TASK TO COMPLETE: Return the records below in full. Keep every word exact and skip the images.
(Beginning of RECORDS TO USE)
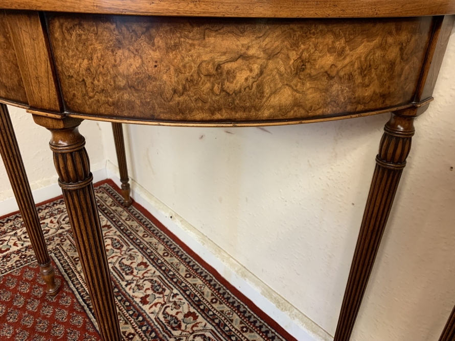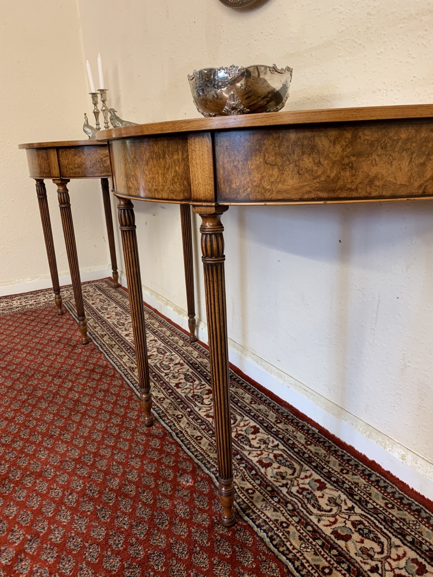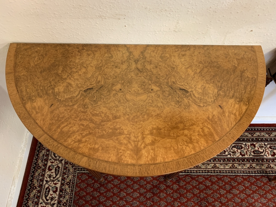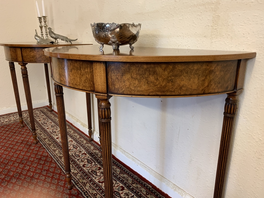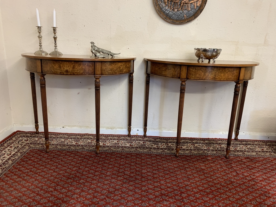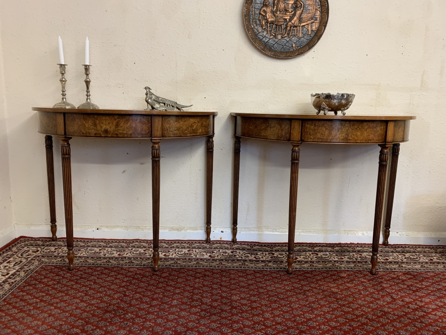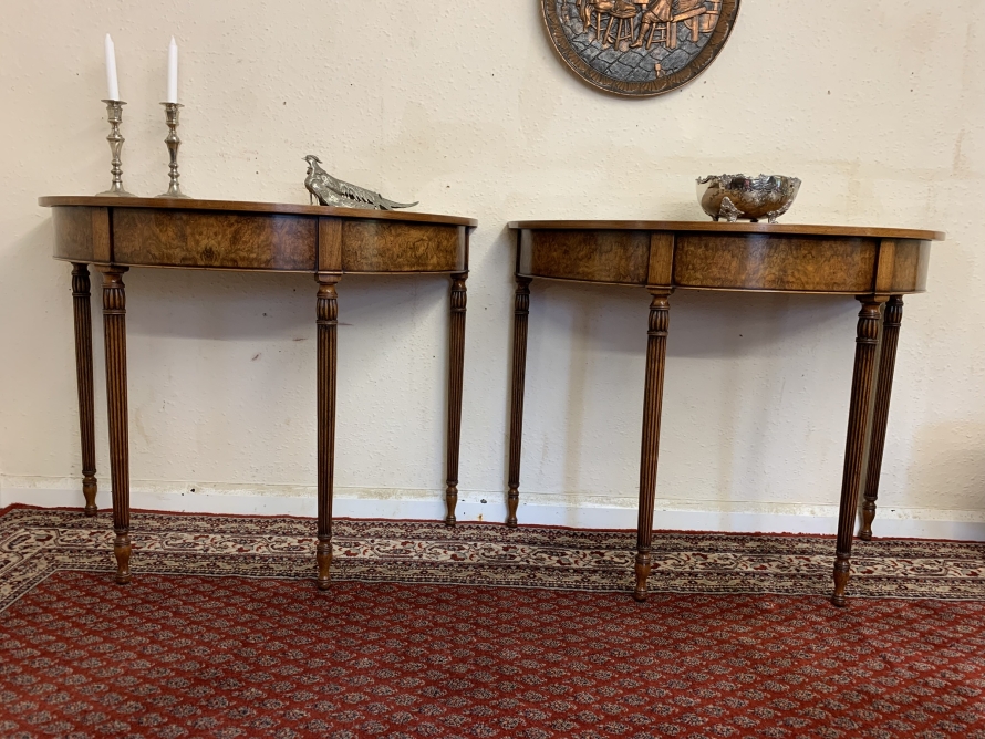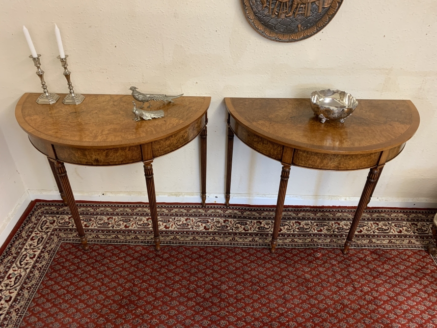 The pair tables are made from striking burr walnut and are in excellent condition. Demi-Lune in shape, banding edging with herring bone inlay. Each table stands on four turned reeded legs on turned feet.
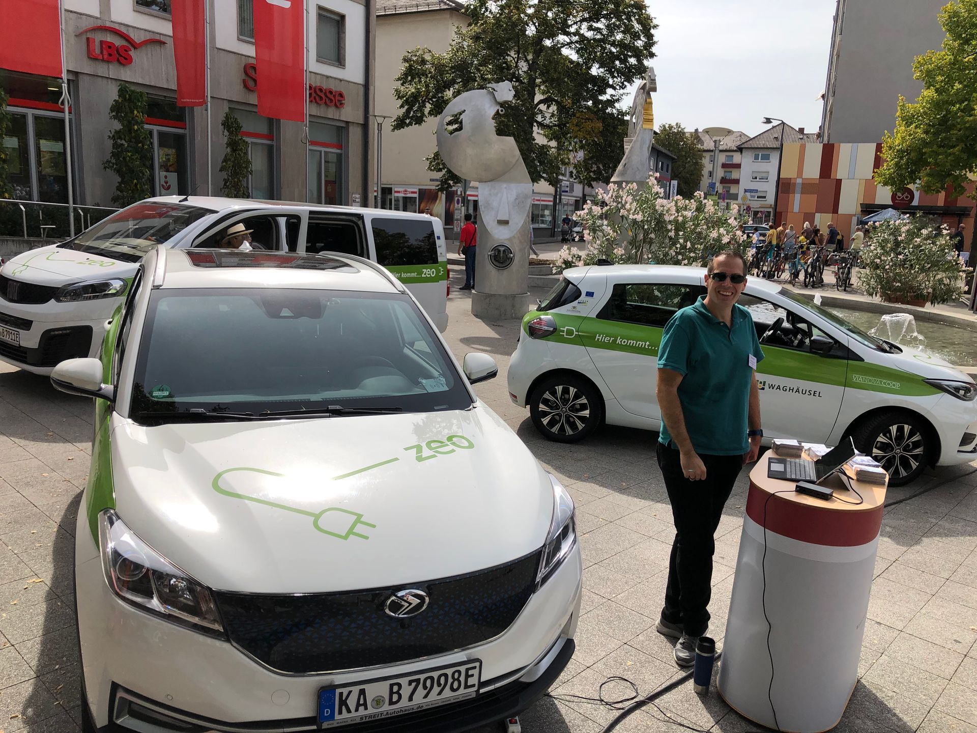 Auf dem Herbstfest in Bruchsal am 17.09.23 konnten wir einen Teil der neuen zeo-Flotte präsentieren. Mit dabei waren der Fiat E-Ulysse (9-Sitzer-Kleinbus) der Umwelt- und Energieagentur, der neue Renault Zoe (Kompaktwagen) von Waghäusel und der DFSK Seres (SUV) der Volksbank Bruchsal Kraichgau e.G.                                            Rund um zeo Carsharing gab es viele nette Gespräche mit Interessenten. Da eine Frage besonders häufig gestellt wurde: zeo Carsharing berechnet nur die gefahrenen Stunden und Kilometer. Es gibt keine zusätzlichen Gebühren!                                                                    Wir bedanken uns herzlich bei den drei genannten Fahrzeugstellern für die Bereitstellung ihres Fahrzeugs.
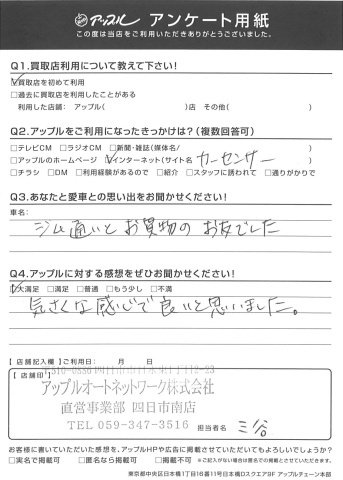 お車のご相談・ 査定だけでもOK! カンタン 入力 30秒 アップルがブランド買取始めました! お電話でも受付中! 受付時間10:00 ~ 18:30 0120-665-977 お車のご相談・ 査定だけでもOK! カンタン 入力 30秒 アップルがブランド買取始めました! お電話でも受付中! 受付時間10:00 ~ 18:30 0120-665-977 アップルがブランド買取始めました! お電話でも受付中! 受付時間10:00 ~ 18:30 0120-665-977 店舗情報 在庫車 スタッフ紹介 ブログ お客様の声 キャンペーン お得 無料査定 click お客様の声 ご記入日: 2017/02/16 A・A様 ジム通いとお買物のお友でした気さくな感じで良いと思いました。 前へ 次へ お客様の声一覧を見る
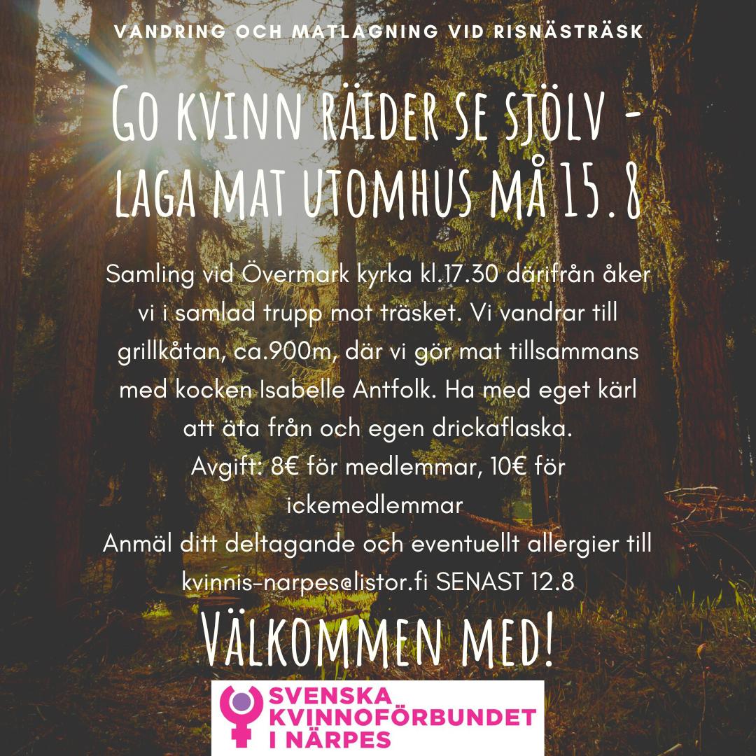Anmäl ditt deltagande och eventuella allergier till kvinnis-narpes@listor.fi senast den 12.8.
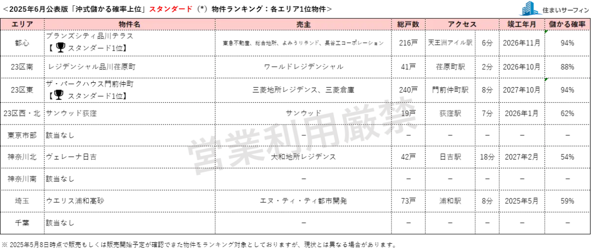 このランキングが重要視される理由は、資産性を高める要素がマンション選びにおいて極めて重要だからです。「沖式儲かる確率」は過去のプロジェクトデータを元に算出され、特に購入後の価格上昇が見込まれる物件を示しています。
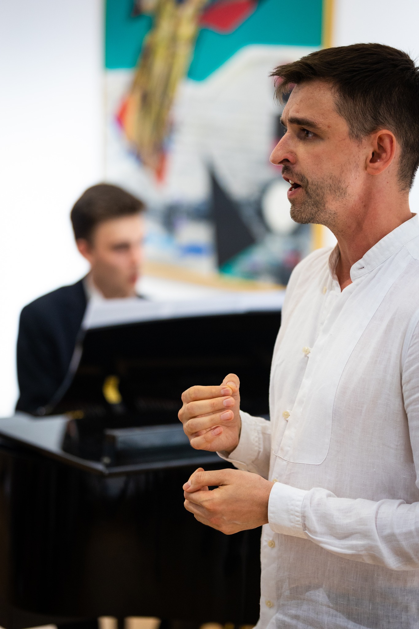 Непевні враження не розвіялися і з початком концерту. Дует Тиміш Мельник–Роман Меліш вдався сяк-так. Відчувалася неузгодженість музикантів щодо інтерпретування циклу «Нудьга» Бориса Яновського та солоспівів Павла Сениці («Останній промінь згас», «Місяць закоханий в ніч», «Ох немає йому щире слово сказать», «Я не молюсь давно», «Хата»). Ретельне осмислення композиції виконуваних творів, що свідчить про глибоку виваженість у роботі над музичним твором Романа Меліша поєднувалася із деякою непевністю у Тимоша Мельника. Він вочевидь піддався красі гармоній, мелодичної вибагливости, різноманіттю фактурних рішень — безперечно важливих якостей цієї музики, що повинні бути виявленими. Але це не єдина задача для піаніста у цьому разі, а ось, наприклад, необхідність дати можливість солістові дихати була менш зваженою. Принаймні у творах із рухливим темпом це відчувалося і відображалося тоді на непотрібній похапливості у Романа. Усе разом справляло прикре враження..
(End of RECORDS TO USE)
EXERCISE RESPONSE:
 The pair tables are made from striking burr walnut and are in excellent condition. Demi-Lune in shape, banding edging with herring bone inlay. Each table stands on four turned reeded legs on turned feet.
 Auf dem Herbstfest in Bruchsal am 17.09.23 konnten wir einen Teil der neuen zeo-Flotte präsentieren. Mit dabei waren der Fiat E-Ulysse (9-Sitzer-Kleinbus) der Umwelt- und Energieagentur, der neue Renault Zoe (Kompaktwagen) von Waghäusel und der DFSK Seres (SUV) der Volksbank Bruchsal Kraichgau e.G.                                            Rund um zeo Carsharing gab es viele nette Gespräche mit Interessenten. Da eine Frage besonders häufig gestellt wurde: zeo Carsharing berechnet nur die gefahrenen Stunden und Kilometer. Es gibt keine zusätzlichen Gebühren!                                                                    Wir bedanken uns herzlich bei den drei genannten Fahrzeugstellern für die Bereitstellung ihres Fahrzeugs.
 お車のご相談・ 査定だけでもOK! カンタン 入力 30秒 アップルがブランド買取始めました! お電話でも受付中! 受付時間10:00 ~ 18:30 0120-665-977 お車のご相談・ 査定だけでもOK! カンタン 入力 30秒 アップルがブランド買取始めました! お電話でも受付中! 受付時間10:00 ~ 18:30 0120-665-977 アップルがブランド買取始めました! お電話でも受付中! 受付時間10:00 ~ 18:30 0120-665-977 店舗情報 在庫車 スタッフ紹介 ブログ お客様の声 キャンペーン お得 無料査定 click お客様の声 ご記入日: 2017/02/16 A・A様 ジム通いとお買物のお友でした気さくな感じで良いと思いました。 前へ 次へ お客様の声一覧を見る
Anmäl ditt deltagande och eventuella allergier till kvinnis-narpes@listor.fi senast den 12.8.
 このランキングが重要視される理由は、資産性を高める要素がマンション選びにおいて極めて重要だからです。「沖式儲かる確率」は過去のプロジェクトデータを元に算出され、特に購入後の価格上昇が見込まれる物件を示しています。
 Непевні враження не розвіялися і з початком концерту. Дует Тиміш Мельник–Роман Меліш вдався сяк-так. Відчувалася неузгодженість музикантів щодо інтерпретування циклу «Нудьга» Бориса Яновського та солоспівів Павла Сениці («Останній промінь згас», «Місяць закоханий в ніч», «Ох немає йому щире слово сказать», «Я не молюсь давно», «Хата»). Ретельне осмислення композиції виконуваних творів, що свідчить про глибоку виваженість у роботі над музичним твором Романа Меліша поєднувалася із деякою непевністю у Тимоша Мельника. Він вочевидь піддався красі гармоній, мелодичної вибагливости, різноманіттю фактурних рішень — безперечно важливих якостей цієї музики, що повинні бути виявленими. Але це не єдина задача для піаніста у цьому разі, а ось, наприклад, необхідність дати можливість солістові дихати була менш зваженою. Принаймні у творах із рухливим темпом це відчувалося і відображалося тоді на непотрібній похапливості у Романа. Усе разом справляло прикре враження..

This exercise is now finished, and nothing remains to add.